__Source data__.
┌────────

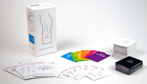 8. This listicle was originally supposed to include seven games; this game was so great I had to change the title to make sure I included it. This superbly well-designed game was published in 2010 in Brooklyn, NY, and it therefore predates CAH while also surpassing it in quality and excellence. Designed by Colleen Macklin, John Sharp, and Eric Zimmerman, this game is published independently by an organization dedicated to the purpose, Local No. 12. This game takes conversation and makes it into a game, guiding players into interesting discussions that they might not ordinarily have. Moreover, there are six different ways of playing the game, which means that the deck has a lot more functionality than CAH. Watch an example of gameplay here. They have two expansions out currently, one about films and one about science fiction. Like CAH, you can buy it on Amazon or print and play it for free.
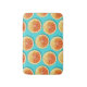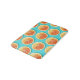 Un patrón de rodajas naranjas frescas y jugosas en tonos profundos de naranja de mandarina y naranja rojo, con una textura acuarela para darle ese aspecto recién cortado. Están colocadas sobre un fondo azul brillante para dar un aire luminoso y veraniego.
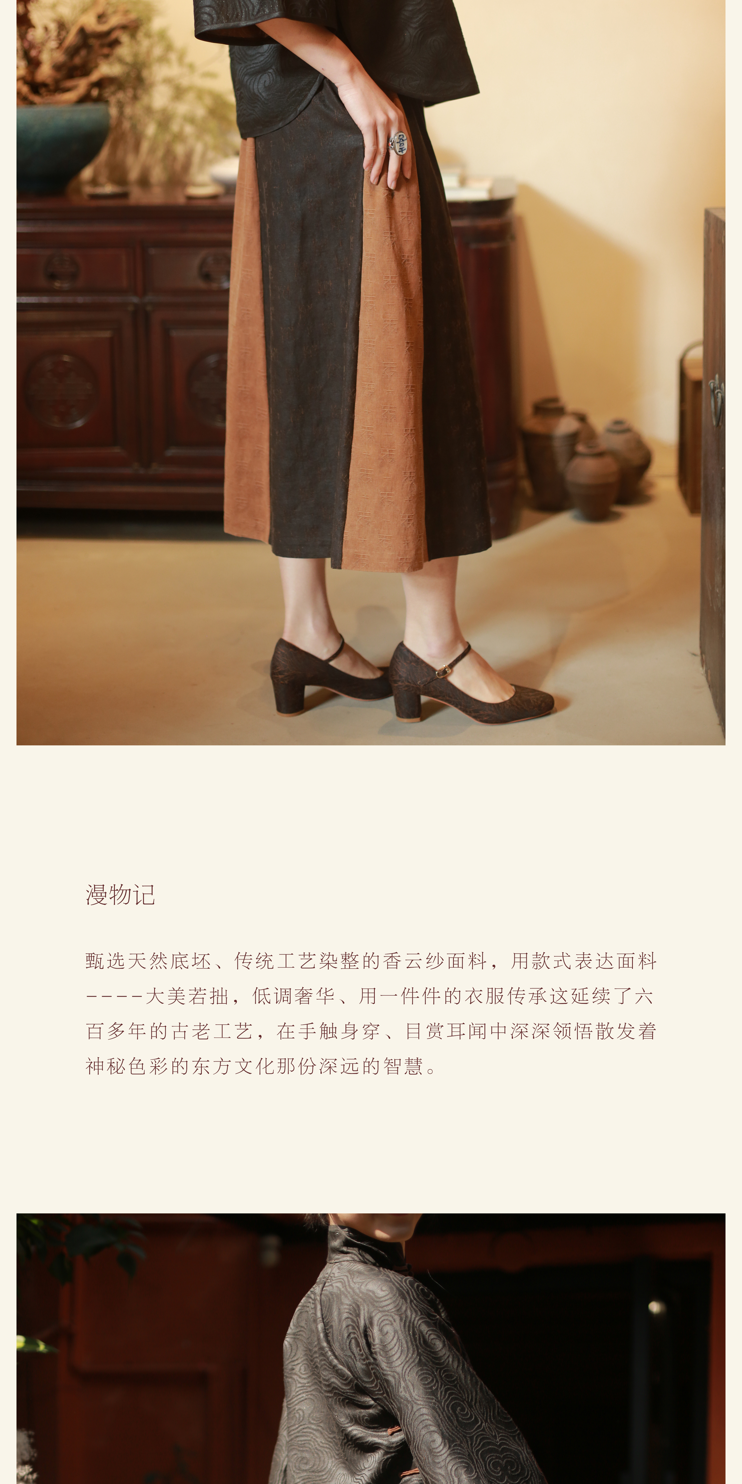 漫物记重磅香云纱滚边翻领大衣XYS-113
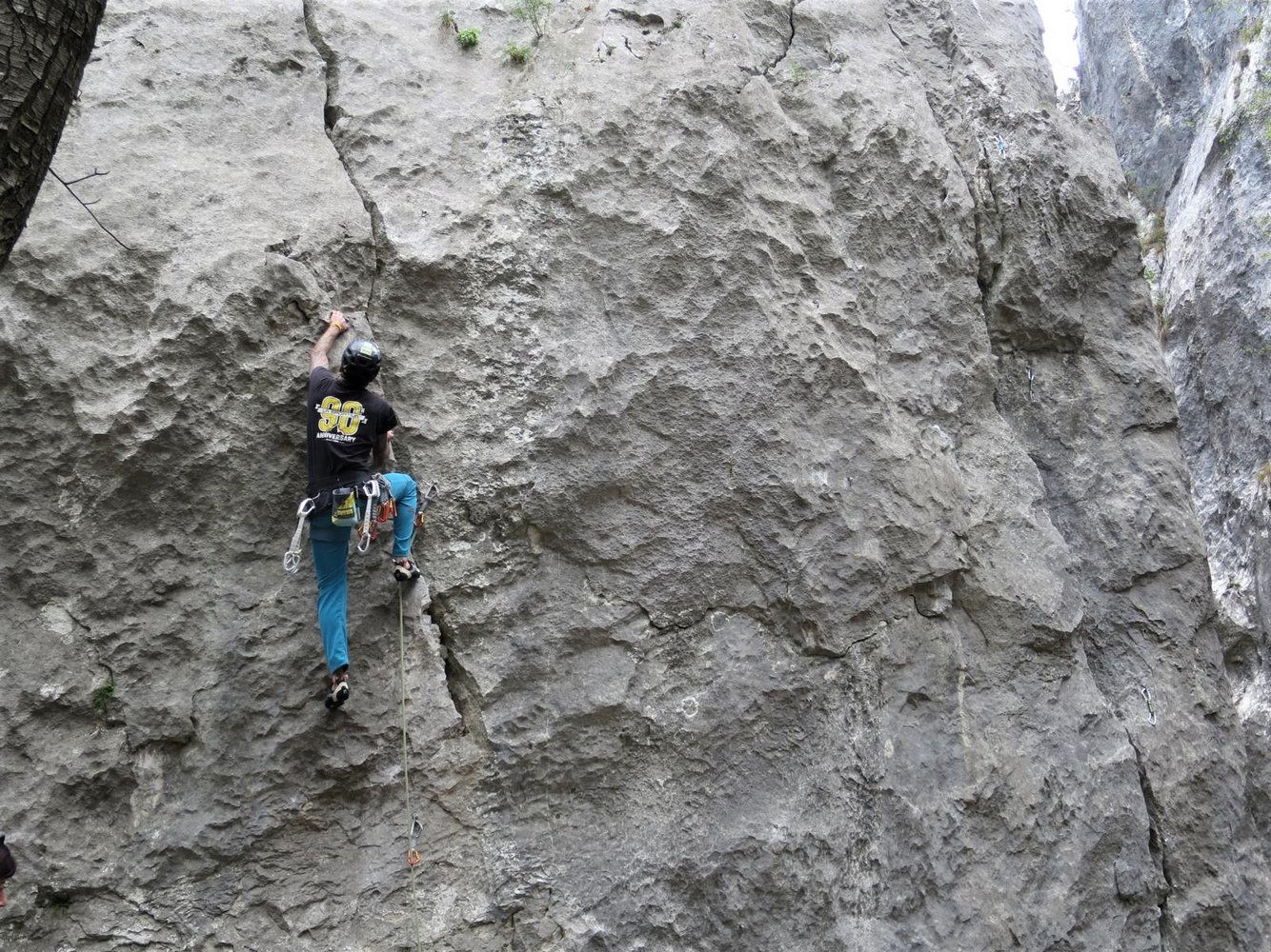 1) Wer davor im Hauptsektor von Nago klettern möchte, nimmt den Zustieg zwischen Sektor Centrale und Sektor Alto. Folgt dem mit Steinmännern markierten Pfad bergauf bis zum Wanderweg und folgt diesem bis zur Abzweigung (Steinmann), kurz danach sind große Plattformen einer alten Festungsanlage, hier ist man schon zu weit;-). (20 Min.)

└────────

__Problem__.
Each line, from the beginning of the listing to the line bearing "漫物记重磅香云纱滚边翻领大衣XYS-113" inclusive, should be copied exactly; the pictures stay out.

__Written answer__.
 8. This listicle was originally supposed to include seven games; this game was so great I had to change the title to make sure I included it. This superbly well-designed game was published in 2010 in Brooklyn, NY, and it therefore predates CAH while also surpassing it in quality and excellence. Designed by Colleen Macklin, John Sharp, and Eric Zimmerman, this game is published independently by an organization dedicated to the purpose, Local No. 12. This game takes conversation and makes it into a game, guiding players into interesting discussions that they might not ordinarily have. Moreover, there are six different ways of playing the game, which means that the deck has a lot more functionality than CAH. Watch an example of gameplay here. They have two expansions out currently, one about films and one about science fiction. Like CAH, you can buy it on Amazon or print and play it for free.
 Un patrón de rodajas naranjas frescas y jugosas en tonos profundos de naranja de mandarina y naranja rojo, con una textura acuarela para darle ese aspecto recién cortado. Están colocadas sobre un fondo azul brillante para dar un aire luminoso y veraniego.
 漫物记重磅香云纱滚边翻领大衣XYS-113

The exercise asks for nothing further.